- Task data -
╔══
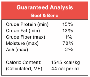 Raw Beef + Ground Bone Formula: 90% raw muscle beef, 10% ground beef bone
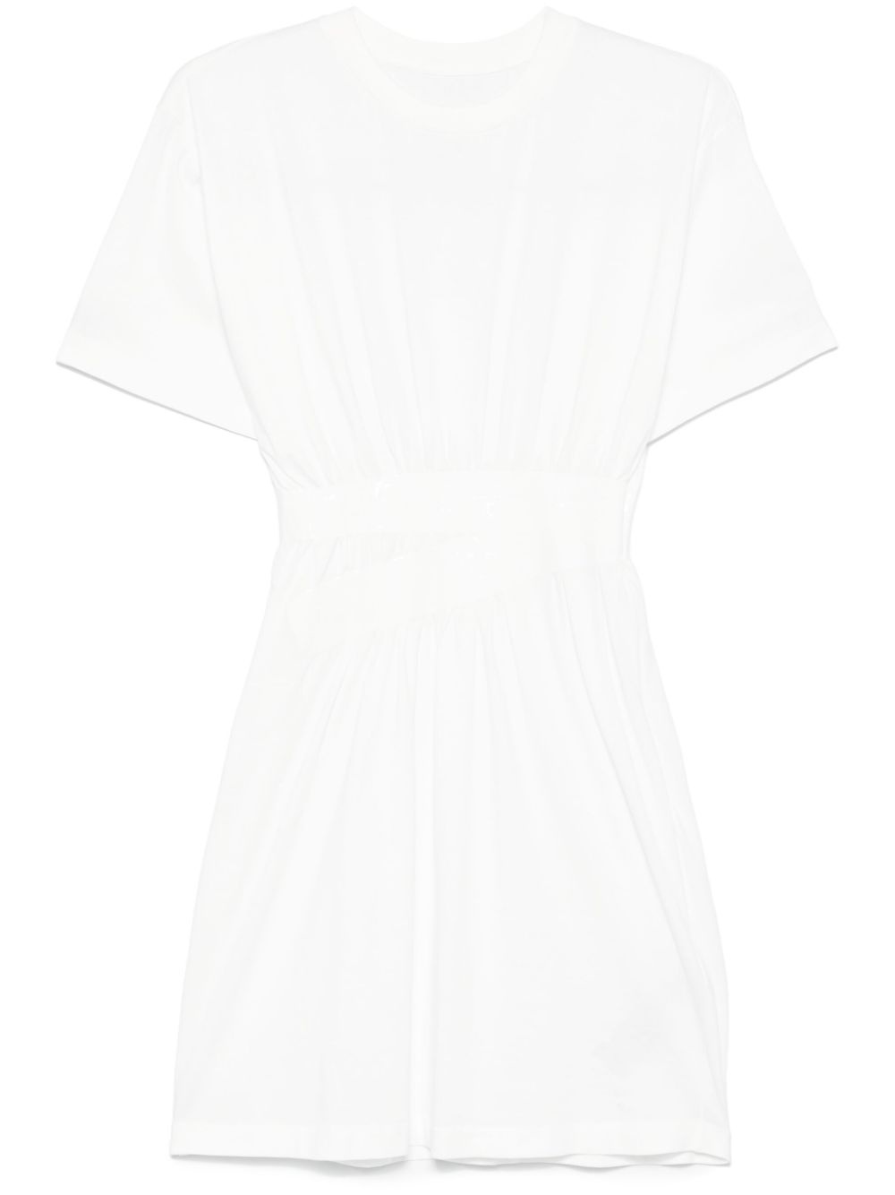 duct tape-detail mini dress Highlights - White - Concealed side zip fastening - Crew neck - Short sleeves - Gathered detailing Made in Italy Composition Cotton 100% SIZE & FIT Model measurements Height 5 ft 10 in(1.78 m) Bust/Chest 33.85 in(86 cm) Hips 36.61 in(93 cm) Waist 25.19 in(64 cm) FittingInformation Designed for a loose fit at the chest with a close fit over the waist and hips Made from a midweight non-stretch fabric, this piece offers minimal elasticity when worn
╚══
╔══
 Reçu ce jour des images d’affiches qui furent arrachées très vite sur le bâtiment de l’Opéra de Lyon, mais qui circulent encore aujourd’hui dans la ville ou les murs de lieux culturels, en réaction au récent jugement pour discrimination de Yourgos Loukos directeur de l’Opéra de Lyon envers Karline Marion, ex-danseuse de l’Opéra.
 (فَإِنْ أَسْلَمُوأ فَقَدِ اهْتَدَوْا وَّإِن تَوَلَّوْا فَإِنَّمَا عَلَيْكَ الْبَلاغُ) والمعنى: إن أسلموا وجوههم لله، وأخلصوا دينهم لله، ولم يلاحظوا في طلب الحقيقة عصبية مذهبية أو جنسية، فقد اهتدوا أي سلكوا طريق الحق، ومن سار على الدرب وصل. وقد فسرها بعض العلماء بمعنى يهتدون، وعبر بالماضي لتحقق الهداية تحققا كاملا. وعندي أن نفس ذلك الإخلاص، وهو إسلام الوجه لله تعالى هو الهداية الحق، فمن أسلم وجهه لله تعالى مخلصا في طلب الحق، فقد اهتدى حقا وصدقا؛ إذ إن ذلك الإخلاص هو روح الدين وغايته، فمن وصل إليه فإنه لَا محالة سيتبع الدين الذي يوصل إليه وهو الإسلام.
╚══
- Work required -
Make an exact copy of the lines above, beginning with the line with "Raw Beef + Ground" and ending with the line with "duct tape-detail mini", and keep the pictures out of it.

- Result of the task -
 Raw Beef + Ground Bone Formula: 90% raw muscle beef, 10% ground beef bone
 duct tape-detail mini dress Highlights - White - Concealed side zip fastening - Crew neck - Short sleeves - Gathered detailing Made in Italy Composition Cotton 100% SIZE & FIT Model measurements Height 5 ft 10 in(1.78 m) Bust/Chest 33.85 in(86 cm) Hips 36.61 in(93 cm) Waist 25.19 in(64 cm) FittingInformation Designed for a loose fit at the chest with a close fit over the waist and hips Made from a midweight non-stretch fabric, this piece offers minimal elasticity when worn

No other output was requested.